» **ABOUT THIS EXERCISE**
Verbatim copy without images: return all of the data as it stands.

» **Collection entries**

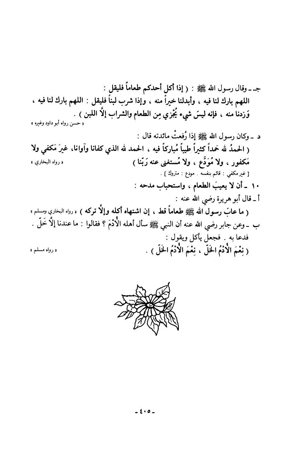 د - وكان رسول الله - صلى الله عليه وسلم - إذا رُفعتْ مائدته قال:
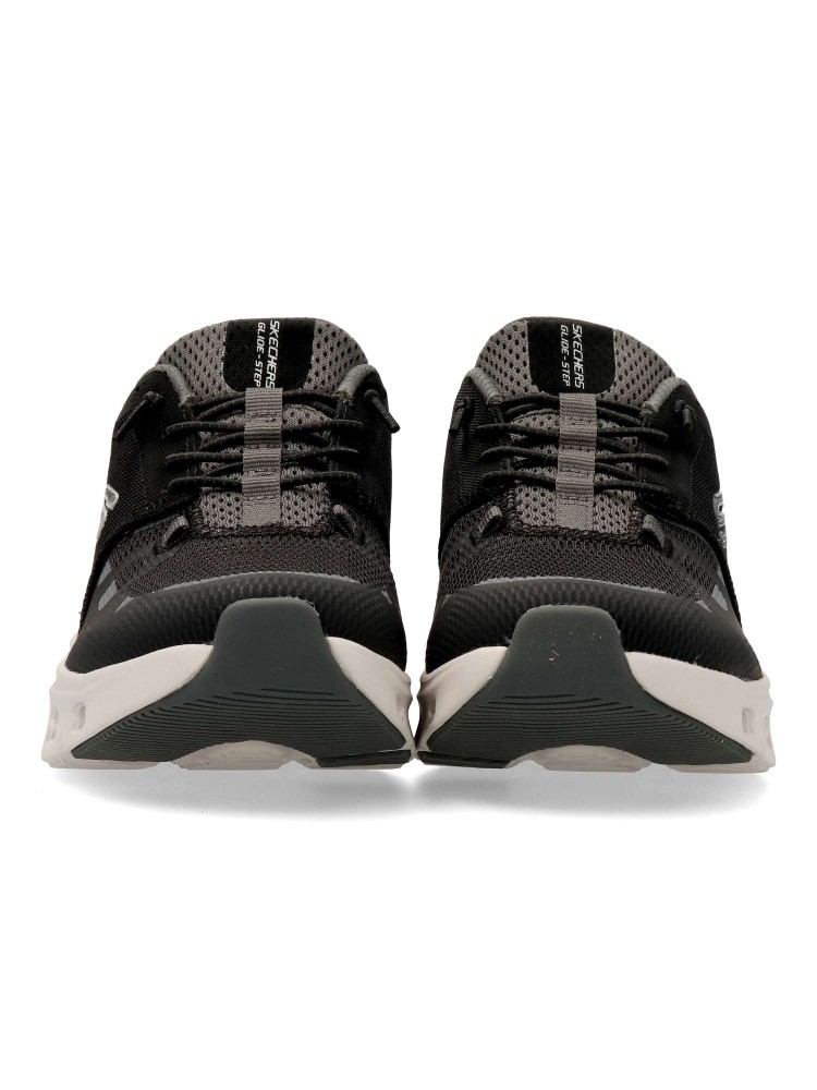 Zapatilla con sistema exclusivo Heel Pillow™, presenta una parte superior de malla con superposiciones sintéticas termoselladas, una cómoda plantilla Skechers Air-Cooled Memory Foam® y una media suela geométrica Glide-Step® con amortiguación.
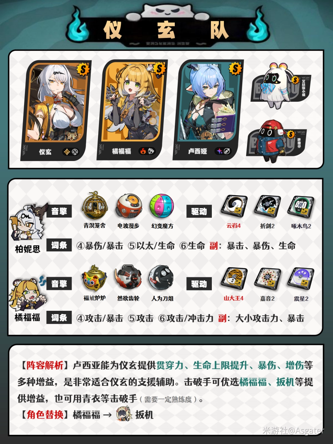 ① 仪玄置于卢茜妲之后,能让卢茜妲弹出【快速支援】时切至仪玄。
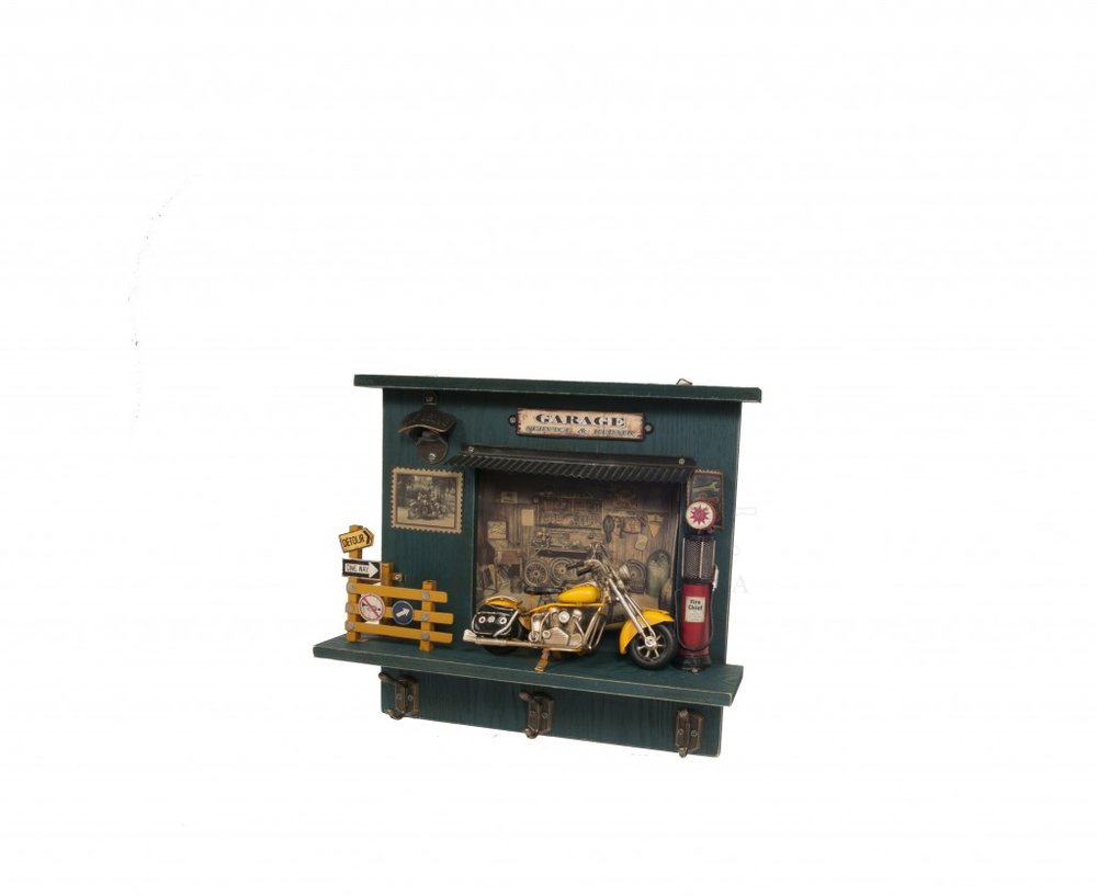 Charming and eye-catching, the Vintage Harley Garage Key Organizer features a yellow vintage Harley motorcycle in front of a garage. It has three hangers for organizing your keys and a super convenient bottle opener. It is a great practical gift for all Harley Davidson fans. 15'' x 16.5'' x 4.5"
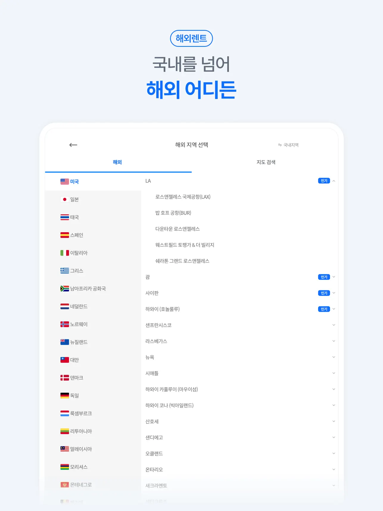 - 글로벌 50개국 렌터카 예약 서비스 제공!
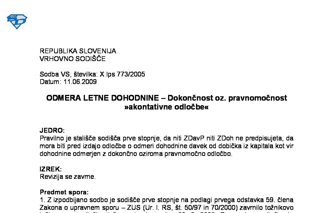 ODLOG UGOTAVLJANJA DAVČNE OBVEZNOSTI – Samoprijava (X Ips 31/2023) 02.10.2024 06.11.2024
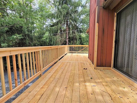 Privacy abound! Set on over 1 Acre. Come see to appreciate the private setting of this home surrounded by forest and set back nicely from the road. This 3 bedroom 2 full bath home features stone faced wood burning fireplace in living room, propane stove in walk out basement, lots of glass makes for bright home though out, large enclosed porch overlooking beautiful forest land, new open deck the length of the house, and hardwood floors.
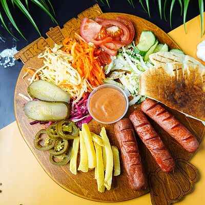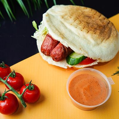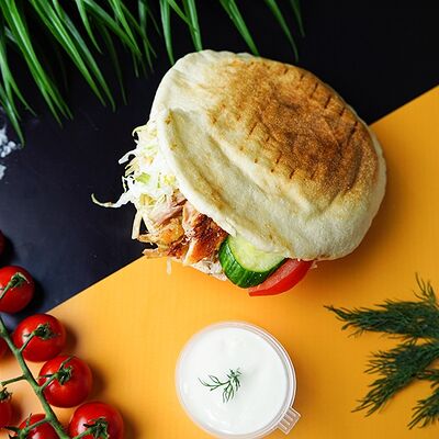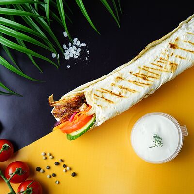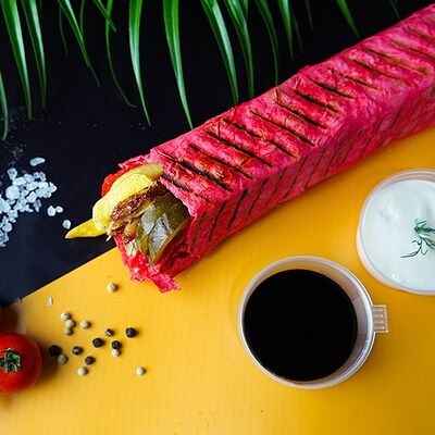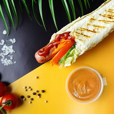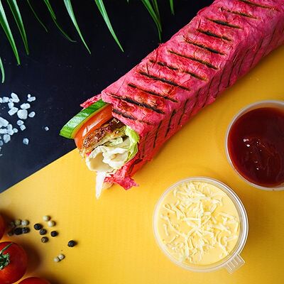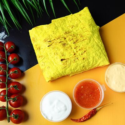 Сырный лаваш, куриное мясо, свежие овощи, халапеньо, сырный, соус чесночный, аджика
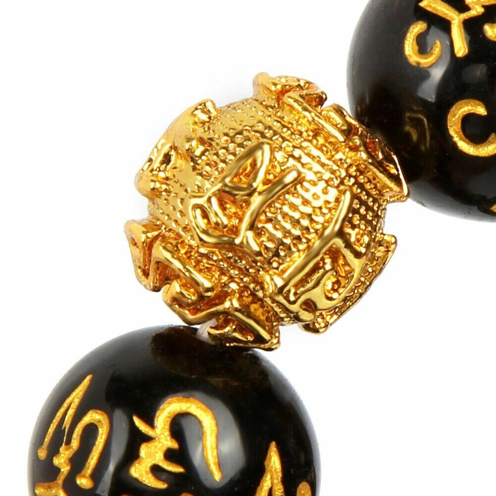 Feng Shui Black Obsidian Beads Bracelet Pixiu Attract Wealth & Good Luck Gift UK
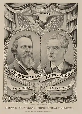 | Rutherford B. Hayes | Partido Republicano | Ohio | 4.034.311 | 47,95% | 185 | 50,1% | William A. Wheeler | Nova Iorque | 185 |
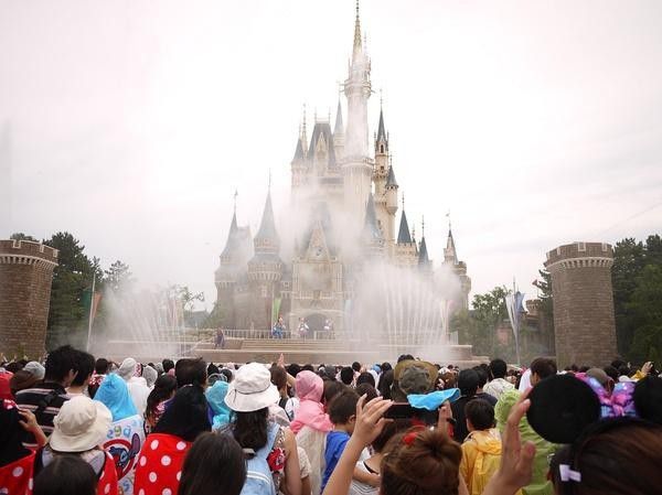 东京迪斯尼是分Disney Land和Disney Sea两大部分的,Land偏向于大众人群,相对项目刺激程度不高,而Sea就要刺激很多,比较适合寻求刺激的成年人参观。前者有七个主题区乐园和多彩多姿的娱乐表演,后者是充满冒险与创想的大海,也是迪士尼之首度以“海”为主题的主题乐园。单从Land的面积来说,没有像导游介绍得那样5倍于香港,貌似比香港大不了多少。也许加上Sea和酒店的面积会大一些。全亚洲最大东京迪斯尼乐园是号称全世界唯一一家凭门票收入盈利的迪斯尼乐园呢!
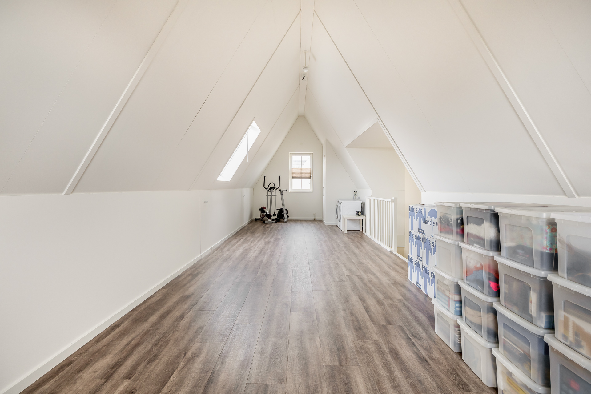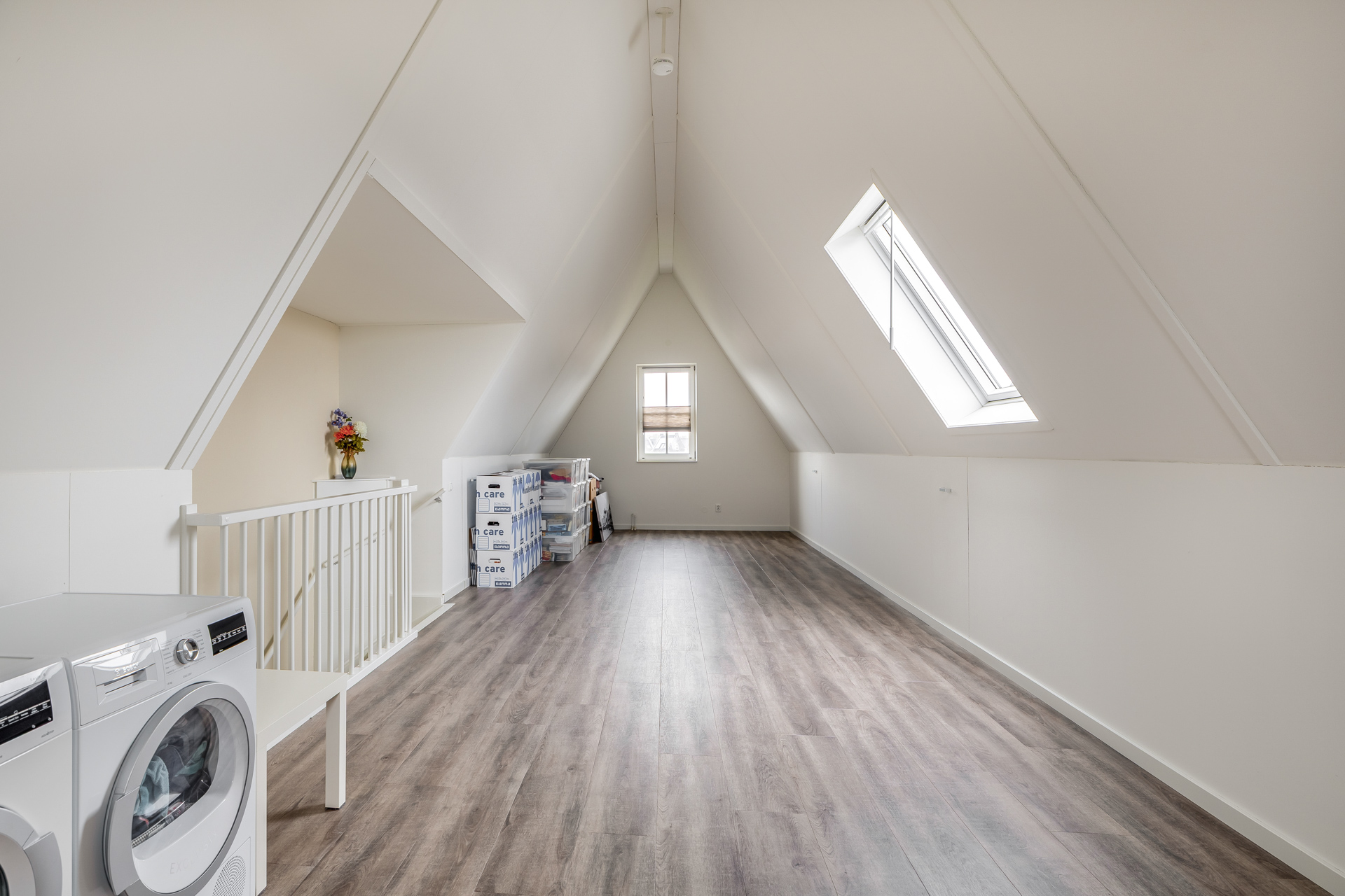 Via een vaste trap bereik je de tweede verdieping, een royale en veelzijdige ruimte die zich moeiteloos aanpast aan jouw woonwensen. Of je nu droomt van een extra slaapkamer, een inspirerende werkplek of een rustige hobbyruimte, hier ontstaat de vrijheid om jouw ideale invulling te creëren. De grote (dak)ramen laten het daglicht zacht binnenvallen en maken deze verdieping tot een aangename plek om te verblijven. Tevens bevinden zich hier de aansluitingen voor witgoed.
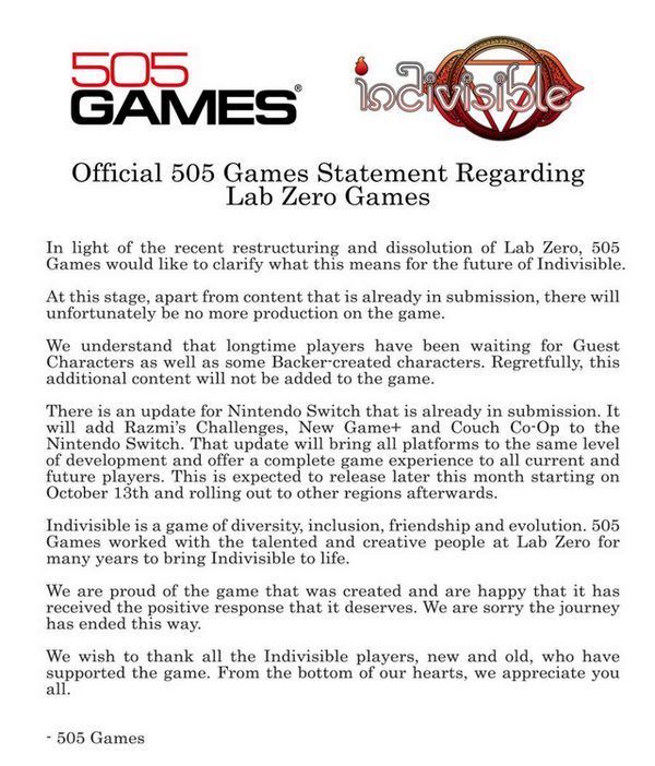 2D 플래포머 게임인 ‘인디비지블’, 2D 대전 게임 ‘스컬 걸즈’ 등을 개발했던 랩제로 게임즈가 대표의 성희롱과 폭언으로 개발자들이 대량 이탈하면서 사실상 업데이트와 개발이 중단됐다. 지난 10월 10일(미국 시각), ‘인디비지블’의 퍼블리셔인 505 게임즈는 ‘‘인디비지블’의 여정이 끝났다. 게스트 캐릭터나 후원자 캐릭터 등 향후 업데이트는 진행되지 않을 것’이라고 밝혔다.
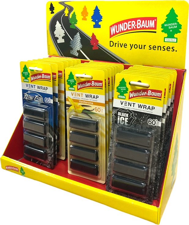 Wunder-Baum 24er Vent Wraps Thekenaufsteller 3/s 4 Vent Wraps je Blisterkarte (Black Ice, New Car, Vanillaroma)
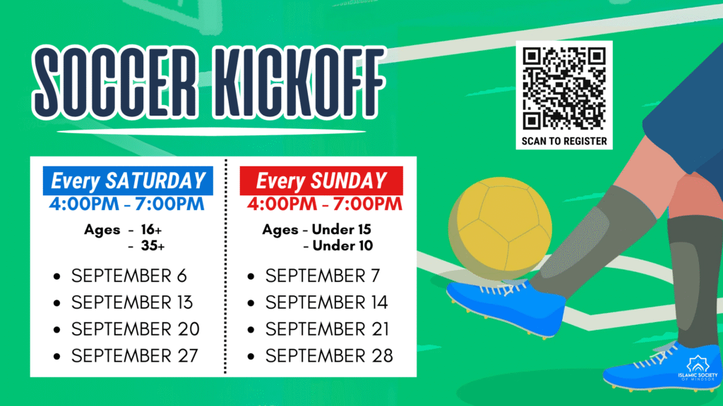 At the Islamic Society of Windsor, we believe in the power of physical activity to enhance both the body and the mind. Our sports programs are designed to promote physical fitness, teamwork, and spiritual well-being. Through fun, engaging, and inclusive activities, we aim to help children and adults develop a healthy lifestyle while instilling Islamic values of discipline, respect, and collaboration.

» **TASK RESPONSE**
 د - وكان رسول الله - صلى الله عليه وسلم - إذا رُفعتْ مائدته قال:
 Zapatilla con sistema exclusivo Heel Pillow™, presenta una parte superior de malla con superposiciones sintéticas termoselladas, una cómoda plantilla Skechers Air-Cooled Memory Foam® y una media suela geométrica Glide-Step® con amortiguación.
 ① 仪玄置于卢茜妲之后,能让卢茜妲弹出【快速支援】时切至仪玄。
 Charming and eye-catching, the Vintage Harley Garage Key Organizer features a yellow vintage Harley motorcycle in front of a garage. It has three hangers for organizing your keys and a super convenient bottle opener. It is a great practical gift for all Harley Davidson fans. 15'' x 16.5'' x 4.5"
 - 글로벌 50개국 렌터카 예약 서비스 제공!
 ODLOG UGOTAVLJANJA DAVČNE OBVEZNOSTI – Samoprijava (X Ips 31/2023) 02.10.2024 06.11.2024
 Privacy abound! Set on over 1 Acre. Come see to appreciate the private setting of this home surrounded by forest and set back nicely from the road. This 3 bedroom 2 full bath home features stone faced wood burning fireplace in living room, propane stove in walk out basement, lots of glass makes for bright home though out, large enclosed porch overlooking beautiful forest land, new open deck the length of the house, and hardwood floors.
 Сырный лаваш, куриное мясо, свежие овощи, халапеньо, сырный, соус чесночный, аджика
 Feng Shui Black Obsidian Beads Bracelet Pixiu Attract Wealth & Good Luck Gift UK
 | Rutherford B. Hayes | Partido Republicano | Ohio | 4.034.311 | 47,95% | 185 | 50,1% | William A. Wheeler | Nova Iorque | 185 |
 东京迪斯尼是分Disney Land和Disney Sea两大部分的,Land偏向于大众人群,相对项目刺激程度不高,而Sea就要刺激很多,比较适合寻求刺激的成年人参观。前者有七个主题区乐园和多彩多姿的娱乐表演,后者是充满冒险与创想的大海,也是迪士尼之首度以“海”为主题的主题乐园。单从Land的面积来说,没有像导游介绍得那样5倍于香港,貌似比香港大不了多少。也许加上Sea和酒店的面积会大一些。全亚洲最大东京迪斯尼乐园是号称全世界唯一一家凭门票收入盈利的迪斯尼乐园呢!
 Via een vaste trap bereik je de tweede verdieping, een royale en veelzijdige ruimte die zich moeiteloos aanpast aan jouw woonwensen. Of je nu droomt van een extra slaapkamer, een inspirerende werkplek of een rustige hobbyruimte, hier ontstaat de vrijheid om jouw ideale invulling te creëren. De grote (dak)ramen laten het daglicht zacht binnenvallen en maken deze verdieping tot een aangename plek om te verblijven. Tevens bevinden zich hier de aansluitingen voor witgoed.
 2D 플래포머 게임인 ‘인디비지블’, 2D 대전 게임 ‘스컬 걸즈’ 등을 개발했던 랩제로 게임즈가 대표의 성희롱과 폭언으로 개발자들이 대량 이탈하면서 사실상 업데이트와 개발이 중단됐다. 지난 10월 10일(미국 시각), ‘인디비지블’의 퍼블리셔인 505 게임즈는 ‘‘인디비지블’의 여정이 끝났다. 게스트 캐릭터나 후원자 캐릭터 등 향후 업데이트는 진행되지 않을 것’이라고 밝혔다.
 Wunder-Baum 24er Vent Wraps Thekenaufsteller 3/s 4 Vent Wraps je Blisterkarte (Black Ice, New Car, Vanillaroma)
 At the Islamic Society of Windsor, we believe in the power of physical activity to enhance both the body and the mind. Our sports programs are designed to promote physical fitness, teamwork, and spiritual well-being. Through fun, engaging, and inclusive activities, we aim to help children and adults develop a healthy lifestyle while instilling Islamic values of discipline, respect, and collaboration.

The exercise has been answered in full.